▸ ASSIGNMENT:
Whenever a line of the listing contains the string "also", return that line.

=== Section Start ===

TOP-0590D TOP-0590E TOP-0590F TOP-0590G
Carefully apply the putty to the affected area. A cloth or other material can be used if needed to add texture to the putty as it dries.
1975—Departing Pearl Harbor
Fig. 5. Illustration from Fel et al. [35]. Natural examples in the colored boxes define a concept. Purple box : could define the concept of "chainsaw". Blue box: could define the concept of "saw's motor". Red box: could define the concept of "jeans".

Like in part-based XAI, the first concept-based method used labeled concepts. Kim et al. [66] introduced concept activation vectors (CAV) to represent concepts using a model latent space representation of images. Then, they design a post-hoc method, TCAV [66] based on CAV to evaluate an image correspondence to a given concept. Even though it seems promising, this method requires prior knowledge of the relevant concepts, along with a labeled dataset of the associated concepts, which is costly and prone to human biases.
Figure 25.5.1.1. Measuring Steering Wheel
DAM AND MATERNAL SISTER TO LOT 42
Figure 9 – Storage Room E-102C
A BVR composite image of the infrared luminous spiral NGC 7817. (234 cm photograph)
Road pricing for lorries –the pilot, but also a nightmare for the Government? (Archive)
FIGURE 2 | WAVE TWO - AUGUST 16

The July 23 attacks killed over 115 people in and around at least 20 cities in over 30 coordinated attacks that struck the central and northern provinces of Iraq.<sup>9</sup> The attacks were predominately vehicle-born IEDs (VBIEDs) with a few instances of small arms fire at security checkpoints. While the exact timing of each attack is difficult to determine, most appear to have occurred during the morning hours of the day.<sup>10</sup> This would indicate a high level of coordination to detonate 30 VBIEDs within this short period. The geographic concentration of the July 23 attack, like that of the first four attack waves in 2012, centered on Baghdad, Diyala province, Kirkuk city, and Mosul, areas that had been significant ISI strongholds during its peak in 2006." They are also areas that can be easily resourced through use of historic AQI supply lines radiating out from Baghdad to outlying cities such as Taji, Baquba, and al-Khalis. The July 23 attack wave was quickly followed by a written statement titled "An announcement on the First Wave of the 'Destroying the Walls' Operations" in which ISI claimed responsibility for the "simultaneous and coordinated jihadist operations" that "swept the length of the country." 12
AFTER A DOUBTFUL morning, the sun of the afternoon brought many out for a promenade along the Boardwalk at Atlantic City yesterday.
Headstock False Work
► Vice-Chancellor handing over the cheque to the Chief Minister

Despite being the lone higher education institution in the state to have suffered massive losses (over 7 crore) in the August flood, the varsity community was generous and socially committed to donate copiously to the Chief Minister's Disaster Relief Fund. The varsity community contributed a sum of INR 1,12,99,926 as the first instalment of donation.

=== Section End ===
=== Section Start ===

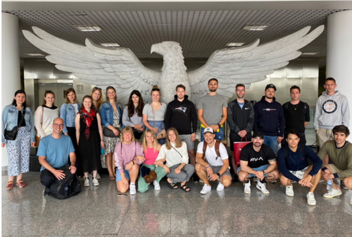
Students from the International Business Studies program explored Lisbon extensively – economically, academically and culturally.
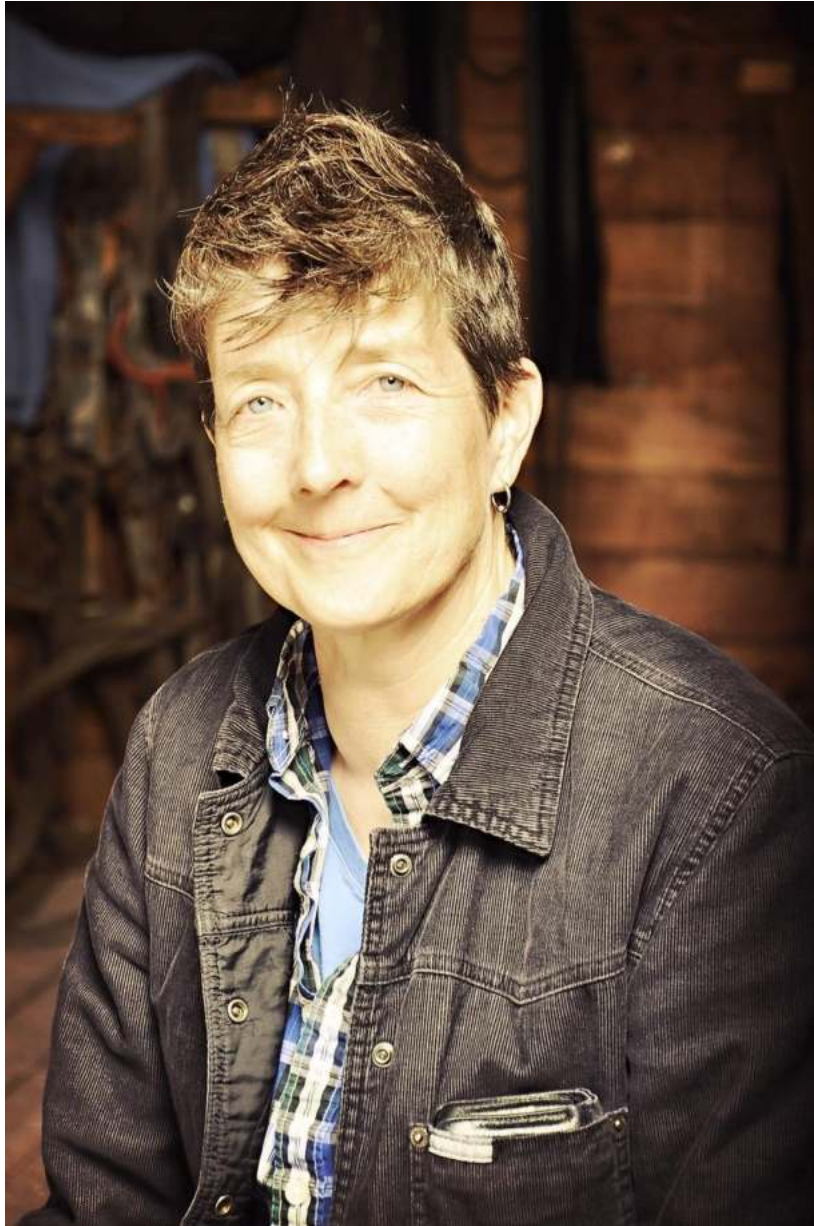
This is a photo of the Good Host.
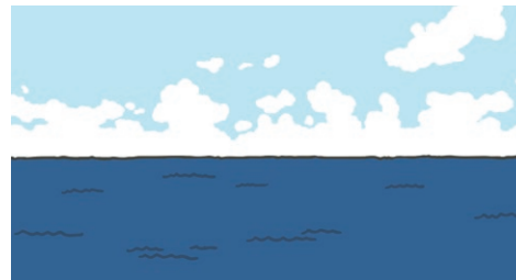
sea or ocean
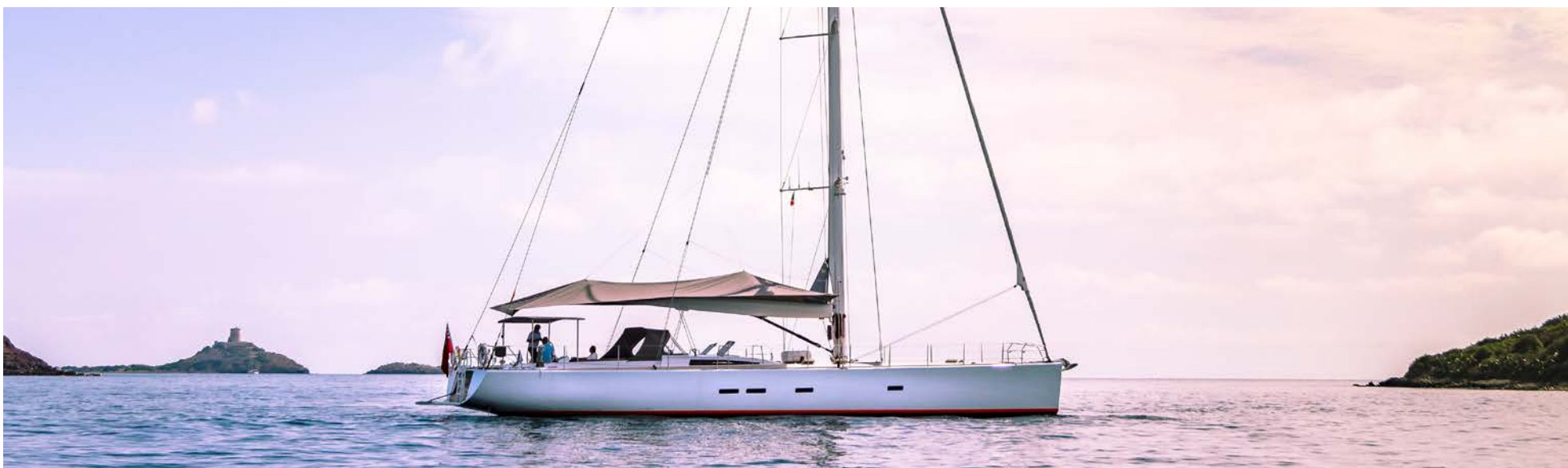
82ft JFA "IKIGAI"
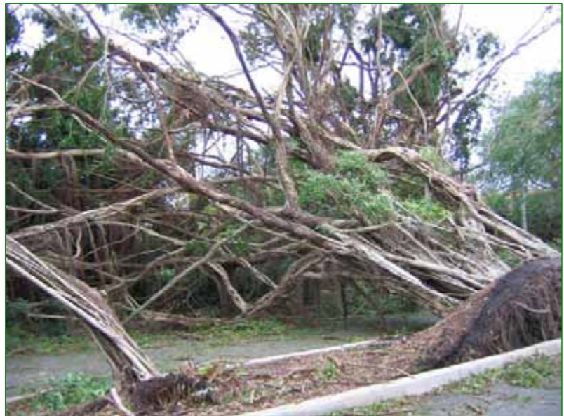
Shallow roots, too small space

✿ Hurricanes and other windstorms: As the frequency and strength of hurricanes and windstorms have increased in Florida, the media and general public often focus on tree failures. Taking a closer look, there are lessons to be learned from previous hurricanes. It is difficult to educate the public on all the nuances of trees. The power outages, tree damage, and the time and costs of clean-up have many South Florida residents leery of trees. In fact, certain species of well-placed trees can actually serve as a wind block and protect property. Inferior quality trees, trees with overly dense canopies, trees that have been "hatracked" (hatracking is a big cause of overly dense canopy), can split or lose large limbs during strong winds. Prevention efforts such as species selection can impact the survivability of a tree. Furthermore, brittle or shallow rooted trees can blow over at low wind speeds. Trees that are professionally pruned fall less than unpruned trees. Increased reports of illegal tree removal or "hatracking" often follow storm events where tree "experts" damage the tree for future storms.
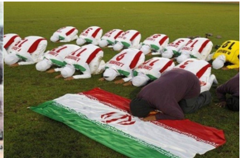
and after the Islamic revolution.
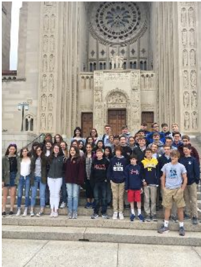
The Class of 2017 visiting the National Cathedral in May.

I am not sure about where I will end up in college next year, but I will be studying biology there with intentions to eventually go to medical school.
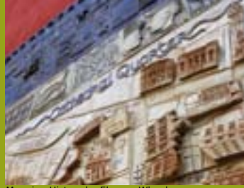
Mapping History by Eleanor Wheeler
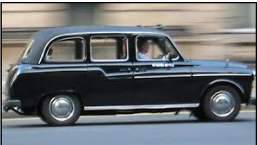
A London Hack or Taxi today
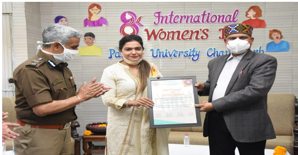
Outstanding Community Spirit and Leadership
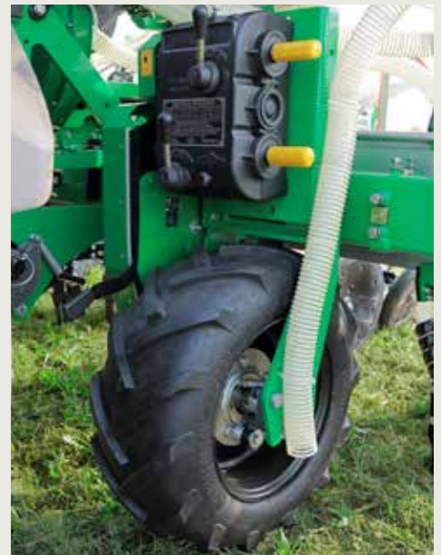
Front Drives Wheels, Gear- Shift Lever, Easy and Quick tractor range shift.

=== Section End ===

▸ EXERCISE RESPONSE:
Road pricing for lorries –the pilot, but also a nightmare for the Government? (Archive)
The July 23 attacks killed over 115 people in and around at least 20 cities in over 30 coordinated attacks that struck the central and northern provinces of Iraq.<sup>9</sup> The attacks were predominately vehicle-born IEDs (VBIEDs) with a few instances of small arms fire at security checkpoints. While the exact timing of each attack is difficult to determine, most appear to have occurred during the morning hours of the day.<sup>10</sup> This would indicate a high level of coordination to detonate 30 VBIEDs within this short period. The geographic concentration of the July 23 attack, like that of the first four attack waves in 2012, centered on Baghdad, Diyala province, Kirkuk city, and Mosul, areas that had been significant ISI strongholds during its peak in 2006." They are also areas that can be easily resourced through use of historic AQI supply lines radiating out from Baghdad to outlying cities such as Taji, Baquba, and al-Khalis. The July 23 attack wave was quickly followed by a written statement titled "An announcement on the First Wave of the 'Destroying the Walls' Operations" in which ISI claimed responsibility for the "simultaneous and coordinated jihadist operations" that "swept the length of the country." 12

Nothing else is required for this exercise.